■ **Task item**
Among the entries below, the lines from the one with "Входит в сеть" up to and including the one with "10−1 | −8.53 × 10−4 |" are to be restated exactly, without pictures.
Entries shown Block Start
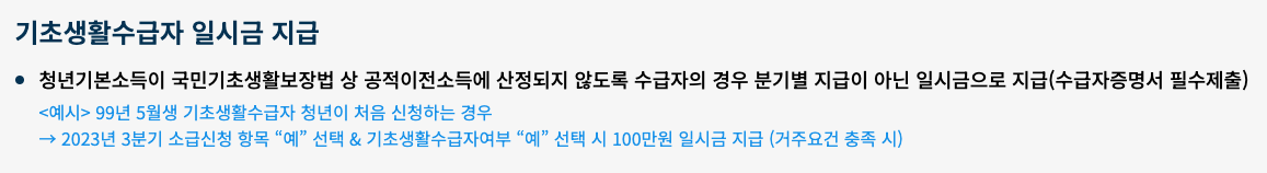 기초생활수급자라면 이 역시 체크해서 분기별이 지급이 아닌 일시금으로 지급 받을 수 있습니다.
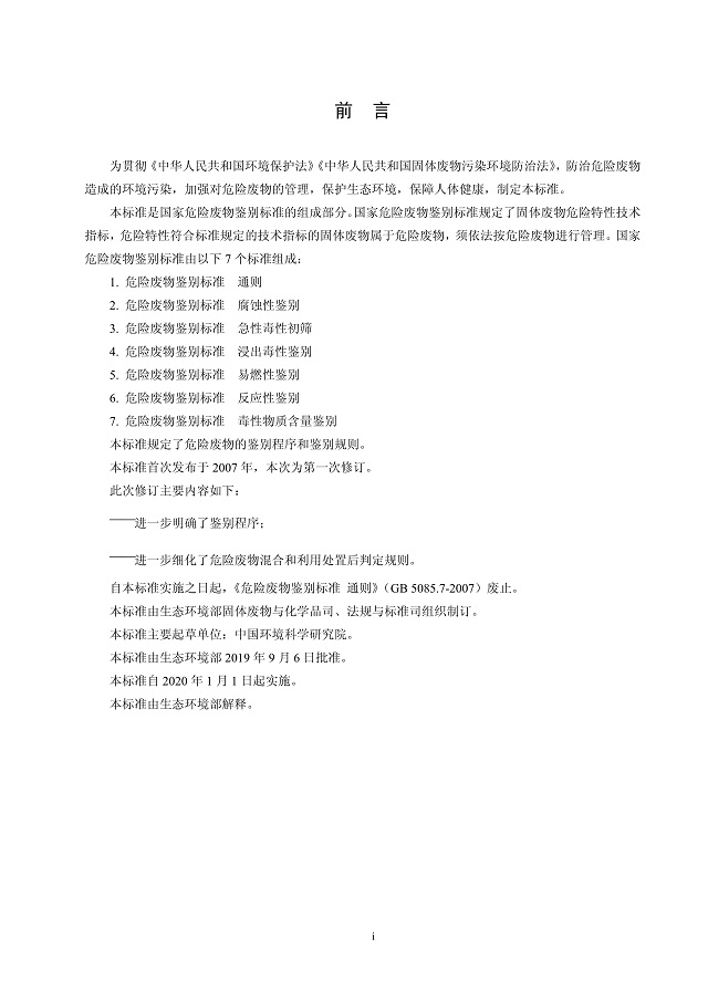 為貫徹《中華人民共和國(guó)環(huán)境保護(hù)法》《中華人民共和國(guó)固體廢物污染環(huán)境防治法》,防治污染,保護(hù)和改善生態(tài)環(huán)境,現(xiàn)批準(zhǔn)《危險(xiǎn)廢物鑒別標(biāo)準(zhǔn) 通則》為國(guó)家環(huán)境保護(hù)標(biāo)準(zhǔn),并由生態(tài)環(huán)境部與國(guó)家市場(chǎng)監(jiān)督管理總局聯(lián)合發(fā)布。
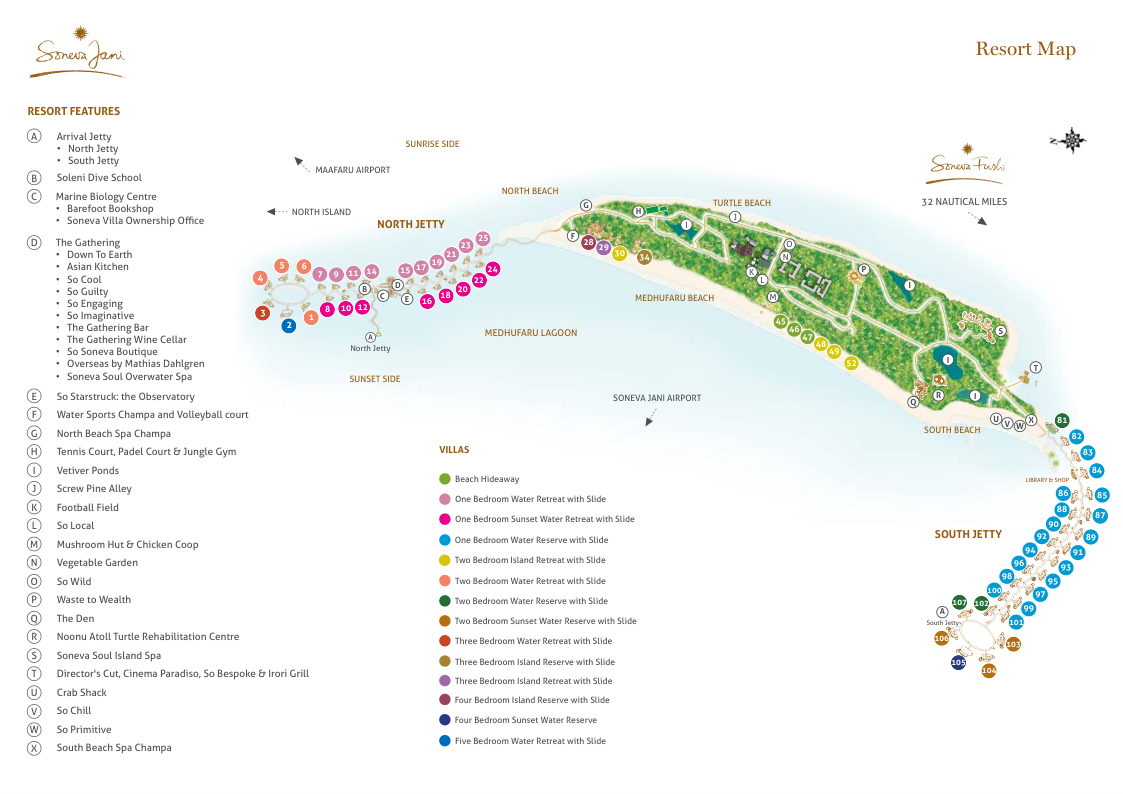 Входит в сеть Soneva Luxury Resorts. Forbes Travel Guide отметил Soneva Jani пятью звёздами. Грандиозные виллы площадью от 400 до 1,8 тыс. кв. м входят в топ самых просторных на Мальдивах. Большинство расположены на воде и оборудованы горкой, ведущей в лагуну. Несколько вилл стоят на острове, уединённо, в окружении тропической зелени. Некоторые резиденции имеют раздвижную крышу в спальне – можно наблюдать за звёздным небом, лёжа в кровати. У каждой виллы – свой батлер и велосипеды.
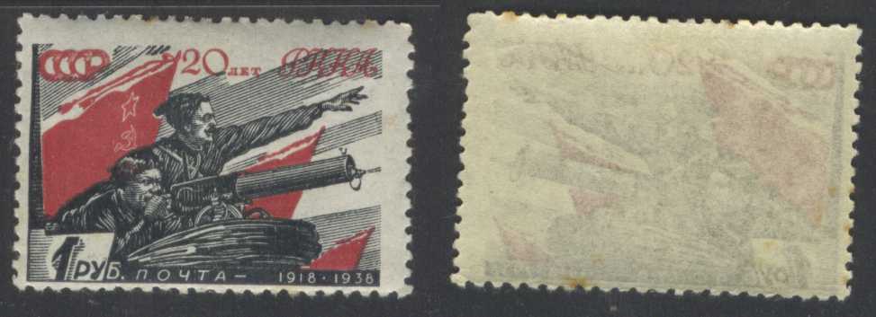 | N154851 | СССР 1938. 20-летие Красной Армии и ВМФ. 1 руб на простой бумаге (*), свой клей, без тонких мест. |  | 265 |  |
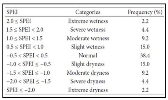 | Zone 1 | SPEI | 4.62 × 10−42 | −2.45 × 10−1 | −8.53 × 10−4 |
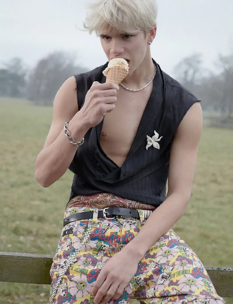 俏皮中带有一丝不羁,黑色深V上衣搭配印花裤子,男孩的天真与叛逆都展现得淋漓尽致。
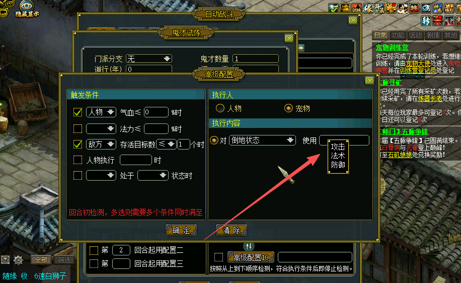 如意高级设置 只能在战斗中才能设置用药
Entries shown Block End
■ **Answer space**
 Входит в сеть Soneva Luxury Resorts. Forbes Travel Guide отметил Soneva Jani пятью звёздами. Грандиозные виллы площадью от 400 до 1,8 тыс. кв. м входят в топ самых просторных на Мальдивах. Большинство расположены на воде и оборудованы горкой, ведущей в лагуну. Несколько вилл стоят на острове, уединённо, в окружении тропической зелени. Некоторые резиденции имеют раздвижную крышу в спальне – можно наблюдать за звёздным небом, лёжа в кровати. У каждой виллы – свой батлер и велосипеды.
 | N154851 | СССР 1938. 20-летие Красной Армии и ВМФ. 1 руб на простой бумаге (*), свой клей, без тонких мест. |  | 265 |  |
 | Zone 1 | SPEI | 4.62 × 10−42 | −2.45 × 10−1 | −8.53 × 10−4 |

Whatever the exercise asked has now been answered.